## Task material:
***

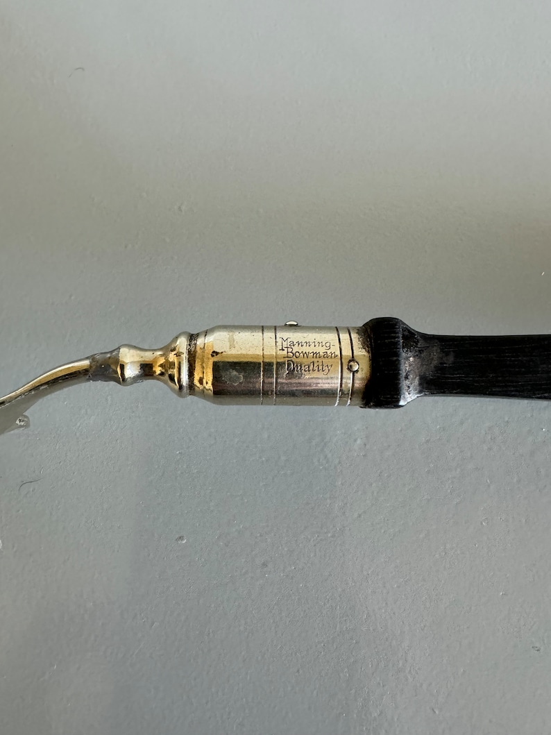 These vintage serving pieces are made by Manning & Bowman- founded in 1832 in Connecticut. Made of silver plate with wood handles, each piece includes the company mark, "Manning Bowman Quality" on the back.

***

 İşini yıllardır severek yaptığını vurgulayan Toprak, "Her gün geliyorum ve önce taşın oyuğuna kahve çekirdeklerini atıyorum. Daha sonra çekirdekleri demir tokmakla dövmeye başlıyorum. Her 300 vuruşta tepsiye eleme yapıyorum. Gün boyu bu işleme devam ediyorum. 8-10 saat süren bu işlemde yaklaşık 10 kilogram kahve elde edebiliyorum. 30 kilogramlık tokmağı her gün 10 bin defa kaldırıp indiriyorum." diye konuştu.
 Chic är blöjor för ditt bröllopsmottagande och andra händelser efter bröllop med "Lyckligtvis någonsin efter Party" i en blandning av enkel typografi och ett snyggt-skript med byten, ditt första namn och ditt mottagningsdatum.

***

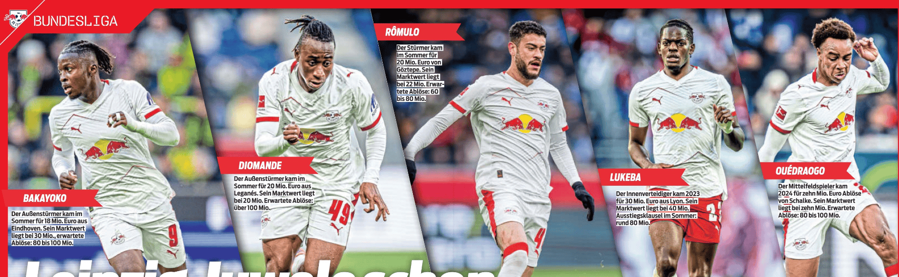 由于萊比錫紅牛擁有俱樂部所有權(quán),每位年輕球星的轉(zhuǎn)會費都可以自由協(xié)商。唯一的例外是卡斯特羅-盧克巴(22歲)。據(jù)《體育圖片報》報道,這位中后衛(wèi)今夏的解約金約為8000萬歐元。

***

## Problem to solve:
The required output is the stretch of entries above from the line containing "İşini yıllardır severek" through the line containing "Chic är blöjor", reproduced exactly.

## Completed task:
 İşini yıllardır severek yaptığını vurgulayan Toprak, "Her gün geliyorum ve önce taşın oyuğuna kahve çekirdeklerini atıyorum. Daha sonra çekirdekleri demir tokmakla dövmeye başlıyorum. Her 300 vuruşta tepsiye eleme yapıyorum. Gün boyu bu işleme devam ediyorum. 8-10 saat süren bu işlemde yaklaşık 10 kilogram kahve elde edebiliyorum. 30 kilogramlık tokmağı her gün 10 bin defa kaldırıp indiriyorum." diye konuştu.
 Chic är blöjor för ditt bröllopsmottagande och andra händelser efter bröllop med "Lyckligtvis någonsin efter Party" i en blandning av enkel typografi och ett snyggt-skript med byten, ditt första namn och ditt mottagningsdatum.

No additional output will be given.